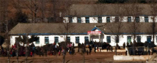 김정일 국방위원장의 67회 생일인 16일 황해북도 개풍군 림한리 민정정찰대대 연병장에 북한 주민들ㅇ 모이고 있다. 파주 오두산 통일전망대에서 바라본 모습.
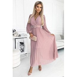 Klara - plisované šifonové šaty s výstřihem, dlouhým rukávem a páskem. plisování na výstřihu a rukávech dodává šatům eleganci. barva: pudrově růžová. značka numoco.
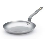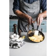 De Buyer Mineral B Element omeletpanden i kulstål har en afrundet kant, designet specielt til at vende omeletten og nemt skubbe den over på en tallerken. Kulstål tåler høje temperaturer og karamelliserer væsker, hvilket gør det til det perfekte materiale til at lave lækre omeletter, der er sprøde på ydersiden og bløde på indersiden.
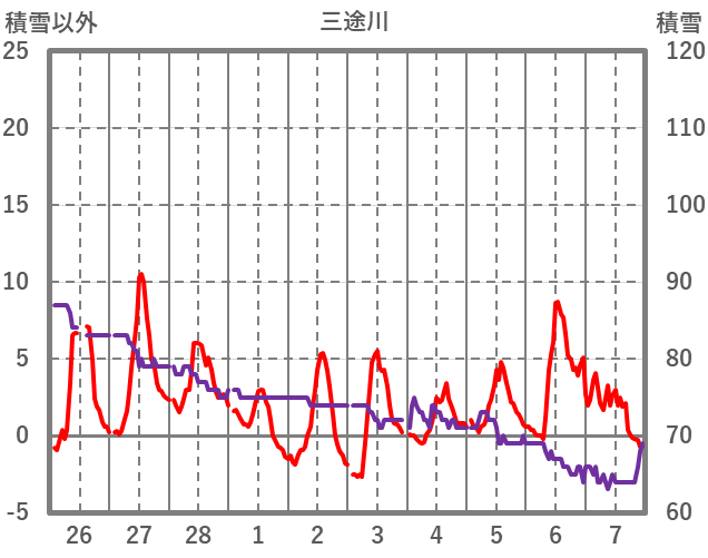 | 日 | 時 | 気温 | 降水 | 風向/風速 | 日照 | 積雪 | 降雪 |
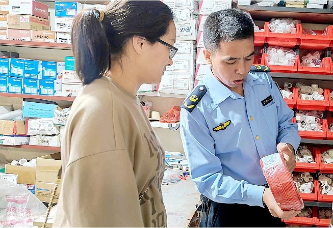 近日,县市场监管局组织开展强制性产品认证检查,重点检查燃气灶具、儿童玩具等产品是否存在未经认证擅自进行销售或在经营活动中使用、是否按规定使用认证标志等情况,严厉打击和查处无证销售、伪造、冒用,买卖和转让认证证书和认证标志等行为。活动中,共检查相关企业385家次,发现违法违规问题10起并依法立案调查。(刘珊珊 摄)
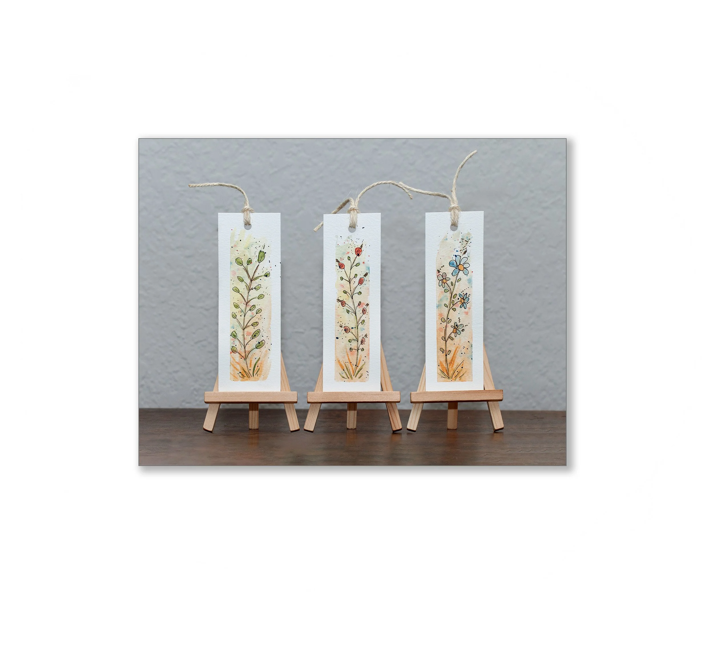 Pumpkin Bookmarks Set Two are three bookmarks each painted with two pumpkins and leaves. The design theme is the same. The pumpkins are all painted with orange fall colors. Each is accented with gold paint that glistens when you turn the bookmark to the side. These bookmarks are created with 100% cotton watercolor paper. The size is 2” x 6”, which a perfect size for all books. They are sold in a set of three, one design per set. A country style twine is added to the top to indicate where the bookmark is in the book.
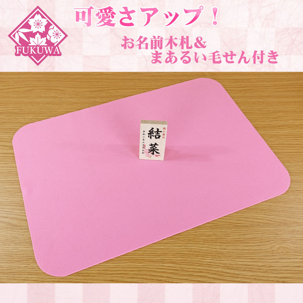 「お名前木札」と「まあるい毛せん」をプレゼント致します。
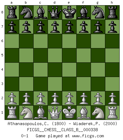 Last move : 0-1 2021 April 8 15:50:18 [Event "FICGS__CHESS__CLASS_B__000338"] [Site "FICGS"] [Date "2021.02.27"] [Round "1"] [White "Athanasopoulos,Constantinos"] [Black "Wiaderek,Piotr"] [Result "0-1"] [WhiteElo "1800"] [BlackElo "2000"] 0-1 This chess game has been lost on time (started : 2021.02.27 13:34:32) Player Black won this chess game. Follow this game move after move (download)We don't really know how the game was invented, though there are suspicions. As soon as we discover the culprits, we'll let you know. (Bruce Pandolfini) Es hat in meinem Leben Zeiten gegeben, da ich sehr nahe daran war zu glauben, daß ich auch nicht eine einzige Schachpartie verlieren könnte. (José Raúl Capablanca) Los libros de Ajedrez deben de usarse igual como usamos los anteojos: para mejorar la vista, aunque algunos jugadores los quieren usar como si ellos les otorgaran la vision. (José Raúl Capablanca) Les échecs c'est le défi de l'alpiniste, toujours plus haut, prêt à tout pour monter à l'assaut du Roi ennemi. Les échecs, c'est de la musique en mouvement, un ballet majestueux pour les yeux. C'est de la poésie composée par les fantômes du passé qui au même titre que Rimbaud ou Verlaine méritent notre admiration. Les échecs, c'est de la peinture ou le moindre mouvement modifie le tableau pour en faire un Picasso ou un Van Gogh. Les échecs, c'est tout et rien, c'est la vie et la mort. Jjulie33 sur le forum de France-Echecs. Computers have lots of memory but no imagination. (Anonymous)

• **Assigned task**
Nothing but the pictures may be dropped as you repeat the listing above exactly.

• **Task output**
 김정일 국방위원장의 67회 생일인 16일 황해북도 개풍군 림한리 민정정찰대대 연병장에 북한 주민들ㅇ 모이고 있다. 파주 오두산 통일전망대에서 바라본 모습.
 Klara - plisované šifonové šaty s výstřihem, dlouhým rukávem a páskem. plisování na výstřihu a rukávech dodává šatům eleganci. barva: pudrově růžová. značka numoco.
 De Buyer Mineral B Element omeletpanden i kulstål har en afrundet kant, designet specielt til at vende omeletten og nemt skubbe den over på en tallerken. Kulstål tåler høje temperaturer og karamelliserer væsker, hvilket gør det til det perfekte materiale til at lave lækre omeletter, der er sprøde på ydersiden og bløde på indersiden.
 | 日 | 時 | 気温 | 降水 | 風向/風速 | 日照 | 積雪 | 降雪 |
 近日,县市场监管局组织开展强制性产品认证检查,重点检查燃气灶具、儿童玩具等产品是否存在未经认证擅自进行销售或在经营活动中使用、是否按规定使用认证标志等情况,严厉打击和查处无证销售、伪造、冒用,买卖和转让认证证书和认证标志等行为。活动中,共检查相关企业385家次,发现违法违规问题10起并依法立案调查。(刘珊珊 摄)
 Pumpkin Bookmarks Set Two are three bookmarks each painted with two pumpkins and leaves. The design theme is the same. The pumpkins are all painted with orange fall colors. Each is accented with gold paint that glistens when you turn the bookmark to the side. These bookmarks are created with 100% cotton watercolor paper. The size is 2” x 6”, which a perfect size for all books. They are sold in a set of three, one design per set. A country style twine is added to the top to indicate where the bookmark is in the book.
 「お名前木札」と「まあるい毛せん」をプレゼント致します。
 Last move : 0-1 2021 April 8 15:50:18 [Event "FICGS__CHESS__CLASS_B__000338"] [Site "FICGS"] [Date "2021.02.27"] [Round "1"] [White "Athanasopoulos,Constantinos"] [Black "Wiaderek,Piotr"] [Result "0-1"] [WhiteElo "1800"] [BlackElo "2000"] 0-1 This chess game has been lost on time (started : 2021.02.27 13:34:32) Player Black won this chess game. Follow this game move after move (download)We don't really know how the game was invented, though there are suspicions. As soon as we discover the culprits, we'll let you know. (Bruce Pandolfini) Es hat in meinem Leben Zeiten gegeben, da ich sehr nahe daran war zu glauben, daß ich auch nicht eine einzige Schachpartie verlieren könnte. (José Raúl Capablanca) Los libros de Ajedrez deben de usarse igual como usamos los anteojos: para mejorar la vista, aunque algunos jugadores los quieren usar como si ellos les otorgaran la vision. (José Raúl Capablanca) Les échecs c'est le défi de l'alpiniste, toujours plus haut, prêt à tout pour monter à l'assaut du Roi ennemi. Les échecs, c'est de la musique en mouvement, un ballet majestueux pour les yeux. C'est de la poésie composée par les fantômes du passé qui au même titre que Rimbaud ou Verlaine méritent notre admiration. Les échecs, c'est de la peinture ou le moindre mouvement modifie le tableau pour en faire un Picasso ou un Van Gogh. Les échecs, c'est tout et rien, c'est la vie et la mort. Jjulie33 sur le forum de France-Echecs. Computers have lots of memory but no imagination. (Anonymous)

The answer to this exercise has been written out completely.